# [How to complete this task]
Begin at the line below that has "柴波老师介绍三峡秭归实习区地". Stop after the line that has "A late 19th", repeating each line exactly and leaving out the pictures.

# [Entries shown]
□ □ □
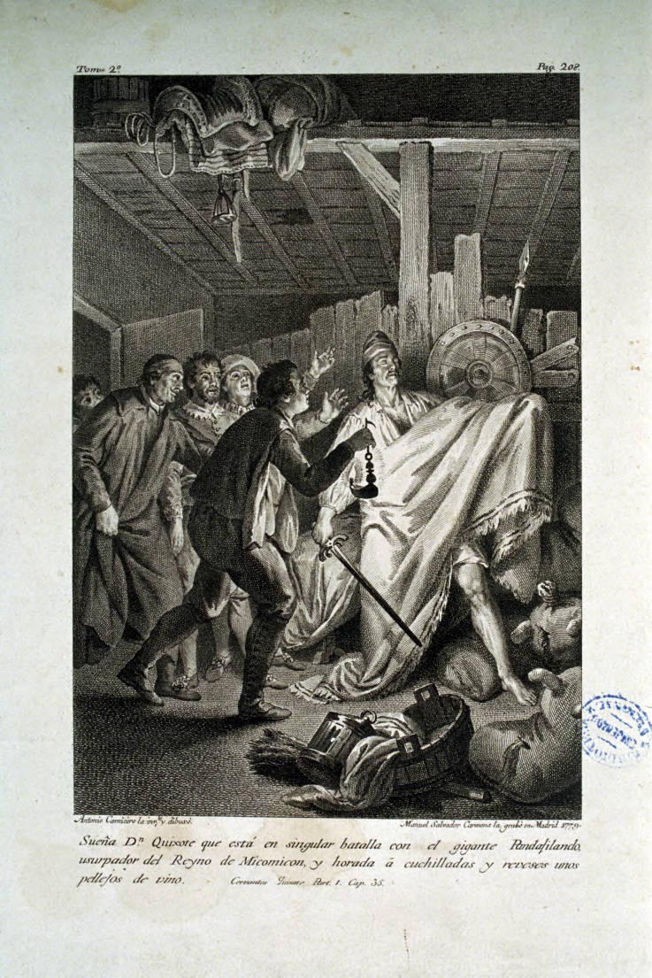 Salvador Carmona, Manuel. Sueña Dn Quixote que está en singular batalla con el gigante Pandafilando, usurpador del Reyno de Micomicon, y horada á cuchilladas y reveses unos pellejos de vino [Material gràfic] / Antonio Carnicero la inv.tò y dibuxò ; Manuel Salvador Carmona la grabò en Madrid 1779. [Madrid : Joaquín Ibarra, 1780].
□ □ □
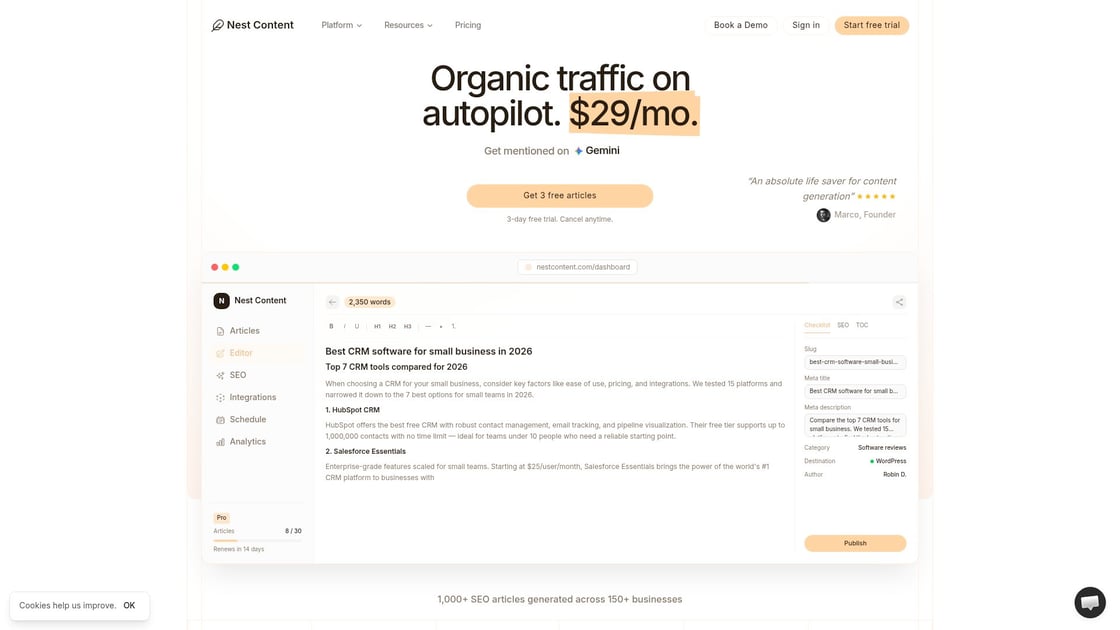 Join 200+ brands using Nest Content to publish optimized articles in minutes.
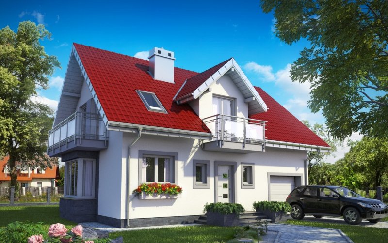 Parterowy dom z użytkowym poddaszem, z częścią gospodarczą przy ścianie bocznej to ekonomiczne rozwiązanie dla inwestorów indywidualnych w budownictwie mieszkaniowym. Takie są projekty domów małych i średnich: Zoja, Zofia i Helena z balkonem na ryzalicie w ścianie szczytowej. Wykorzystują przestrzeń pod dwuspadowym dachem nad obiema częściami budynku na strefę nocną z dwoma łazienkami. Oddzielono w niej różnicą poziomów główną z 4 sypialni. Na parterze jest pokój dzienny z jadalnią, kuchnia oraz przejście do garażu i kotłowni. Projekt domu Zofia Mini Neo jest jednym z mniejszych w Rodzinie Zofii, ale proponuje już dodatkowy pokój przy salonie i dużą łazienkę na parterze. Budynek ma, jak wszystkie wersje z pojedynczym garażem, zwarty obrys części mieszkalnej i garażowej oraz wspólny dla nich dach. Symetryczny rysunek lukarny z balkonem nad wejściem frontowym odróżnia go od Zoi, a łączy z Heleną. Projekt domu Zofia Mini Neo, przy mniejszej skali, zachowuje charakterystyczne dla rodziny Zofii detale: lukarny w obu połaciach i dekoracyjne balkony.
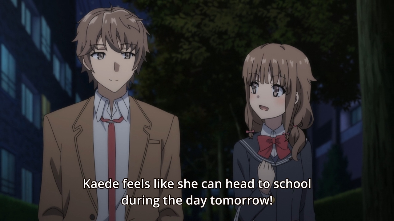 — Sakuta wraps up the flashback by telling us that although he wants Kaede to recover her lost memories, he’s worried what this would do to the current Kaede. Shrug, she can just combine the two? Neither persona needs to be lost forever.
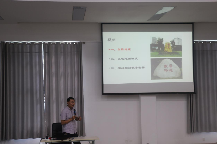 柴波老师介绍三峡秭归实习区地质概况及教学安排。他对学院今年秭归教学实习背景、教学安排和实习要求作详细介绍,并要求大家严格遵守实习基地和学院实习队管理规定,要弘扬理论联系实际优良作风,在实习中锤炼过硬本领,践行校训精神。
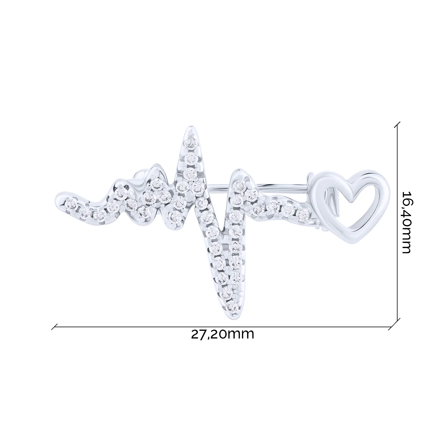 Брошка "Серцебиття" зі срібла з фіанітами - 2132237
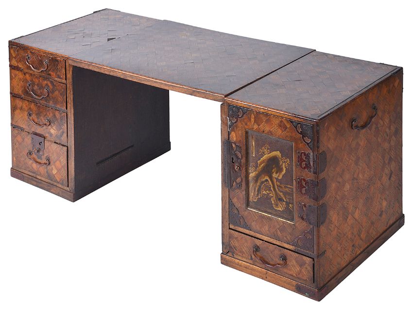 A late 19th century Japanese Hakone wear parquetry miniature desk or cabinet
□ □ □
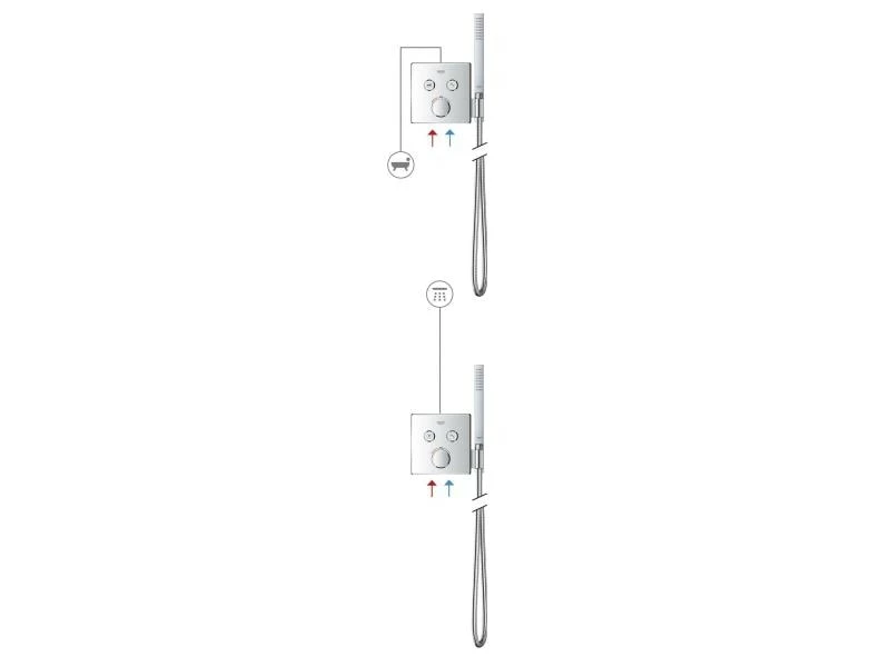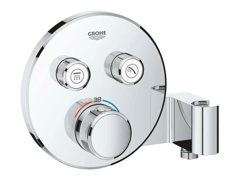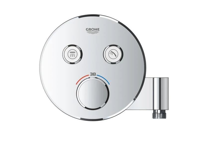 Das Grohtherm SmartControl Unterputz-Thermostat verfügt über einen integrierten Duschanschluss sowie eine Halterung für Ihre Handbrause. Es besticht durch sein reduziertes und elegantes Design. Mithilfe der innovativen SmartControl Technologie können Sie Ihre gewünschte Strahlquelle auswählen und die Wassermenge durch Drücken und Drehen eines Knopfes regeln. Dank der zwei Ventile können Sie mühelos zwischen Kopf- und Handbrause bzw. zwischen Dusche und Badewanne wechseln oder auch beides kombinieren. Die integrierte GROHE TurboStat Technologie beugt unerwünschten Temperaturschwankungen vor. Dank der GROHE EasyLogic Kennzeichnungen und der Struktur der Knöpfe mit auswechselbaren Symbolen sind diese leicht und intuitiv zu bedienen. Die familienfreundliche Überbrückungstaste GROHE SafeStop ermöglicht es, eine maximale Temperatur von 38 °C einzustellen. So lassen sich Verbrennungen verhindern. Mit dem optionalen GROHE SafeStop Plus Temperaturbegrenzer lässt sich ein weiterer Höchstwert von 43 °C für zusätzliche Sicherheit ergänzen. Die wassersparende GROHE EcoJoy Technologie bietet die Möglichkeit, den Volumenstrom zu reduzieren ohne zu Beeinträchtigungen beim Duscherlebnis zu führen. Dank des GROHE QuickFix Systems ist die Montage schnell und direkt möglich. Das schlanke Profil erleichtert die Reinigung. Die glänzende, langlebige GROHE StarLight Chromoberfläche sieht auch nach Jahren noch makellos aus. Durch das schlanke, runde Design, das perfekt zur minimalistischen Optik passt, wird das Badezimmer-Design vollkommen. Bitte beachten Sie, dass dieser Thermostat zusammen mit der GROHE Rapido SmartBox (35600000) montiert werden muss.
□ □ □
# [Your response]
 柴波老师介绍三峡秭归实习区地质概况及教学安排。他对学院今年秭归教学实习背景、教学安排和实习要求作详细介绍,并要求大家严格遵守实习基地和学院实习队管理规定,要弘扬理论联系实际优良作风,在实习中锤炼过硬本领,践行校训精神。
 Брошка "Серцебиття" зі срібла з фіанітами - 2132237
 A late 19th century Japanese Hakone wear parquetry miniature desk or cabinet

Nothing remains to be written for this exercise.